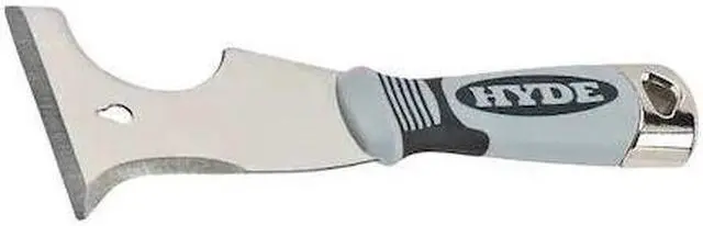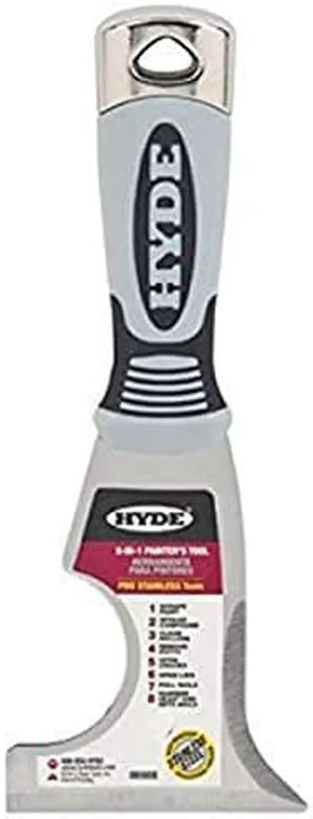 This Hyde 06988 Painters Tool is a must-have for any painter. The 8-in-1 blade can be used in a variety of ways, including scraping paint, puttying joints and scraping drywall mud. The 8-in-1 blade can be used to scrape paint, putty joints and scrape drywall mud. The die cast metal hammer head ensures that this tool will last forever. The handle is made of plastic with a soft grip design for added comfort. With the Hyde 06988 Painters Tool you will get through your next painting project with ease.. This item has been restricted from sale in the following state (s): []
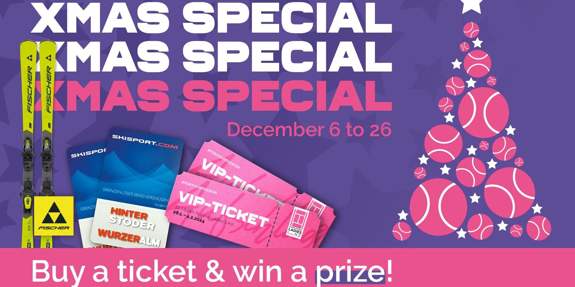 Es weihnachtet sehr! Eine Geschenkidee für das bevorstehende Weihnachtsfest hat sich Sandra Reichel als Turnierdirektorin des Weltklasse-Damentennis-Klassikers Upper Austria Ladies Linz 2024 ausgedacht. Wer bis 26. Dezember 2023 ein Ticket für das WTA-500-Turnier, das vom 28. Jänner bis 4. Februar 2024 im Design Center Linz ausgetragen wird, im Vorverkauf erwirbt, nimmt am traditionellen Weihnachts-Gewinnspiel teil.
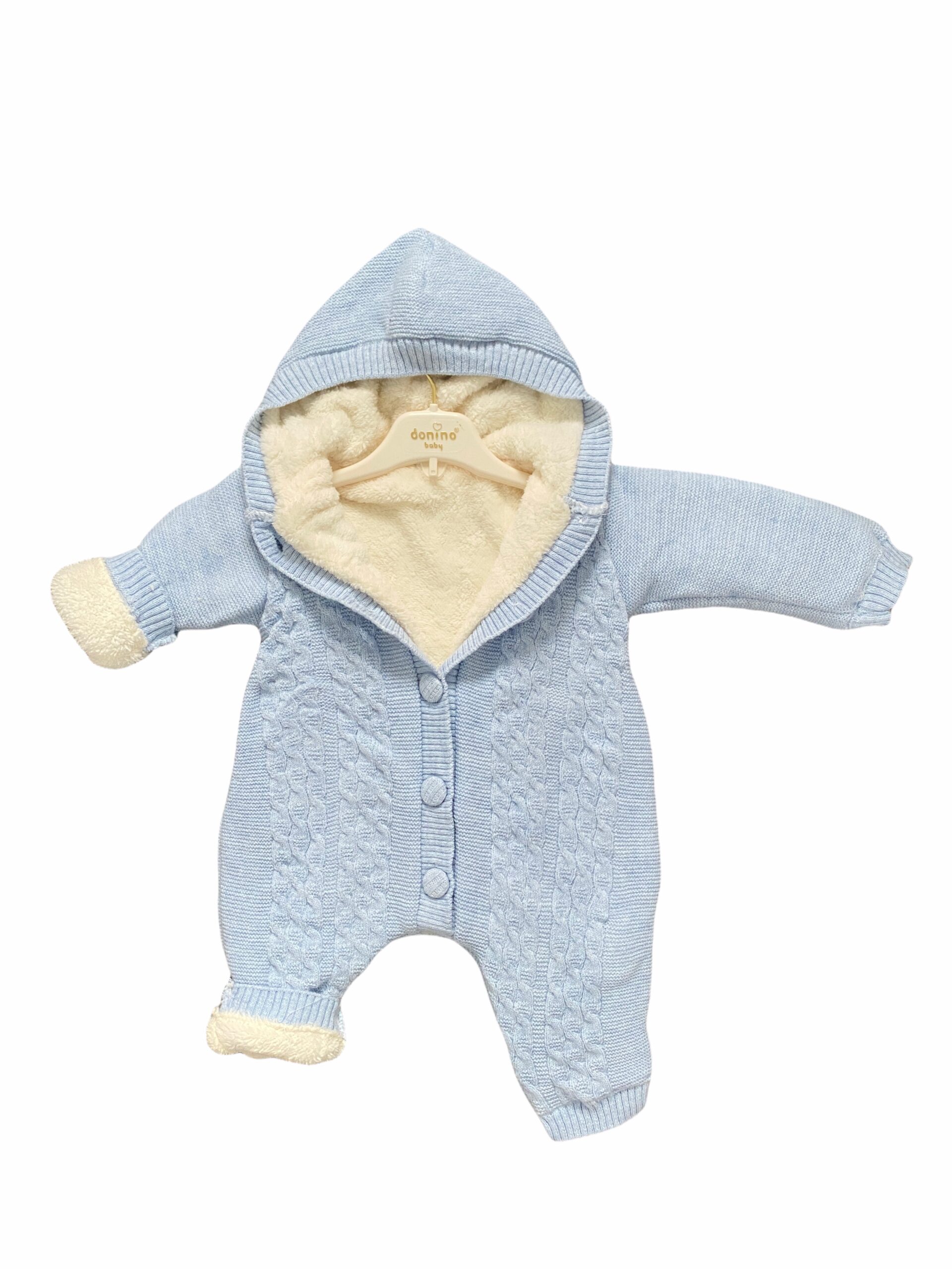 Combinezon crosetat cu interior cocolino, super pufos, finut la purtare. Combinezonul este prevazut cu gluga, deschidere in nasturi, in partea din fata.

Activity:
Copy the data word for word, no pictures.

Answer to this task:
 This Hyde 06988 Painters Tool is a must-have for any painter. The 8-in-1 blade can be used in a variety of ways, including scraping paint, puttying joints and scraping drywall mud. The 8-in-1 blade can be used to scrape paint, putty joints and scrape drywall mud. The die cast metal hammer head ensures that this tool will last forever. The handle is made of plastic with a soft grip design for added comfort. With the Hyde 06988 Painters Tool you will get through your next painting project with ease.. This item has been restricted from sale in the following state (s): []
 Es weihnachtet sehr! Eine Geschenkidee für das bevorstehende Weihnachtsfest hat sich Sandra Reichel als Turnierdirektorin des Weltklasse-Damentennis-Klassikers Upper Austria Ladies Linz 2024 ausgedacht. Wer bis 26. Dezember 2023 ein Ticket für das WTA-500-Turnier, das vom 28. Jänner bis 4. Februar 2024 im Design Center Linz ausgetragen wird, im Vorverkauf erwirbt, nimmt am traditionellen Weihnachts-Gewinnspiel teil.
 Combinezon crosetat cu interior cocolino, super pufos, finut la purtare. Combinezonul este prevazut cu gluga, deschidere in nasturi, in partea din fata.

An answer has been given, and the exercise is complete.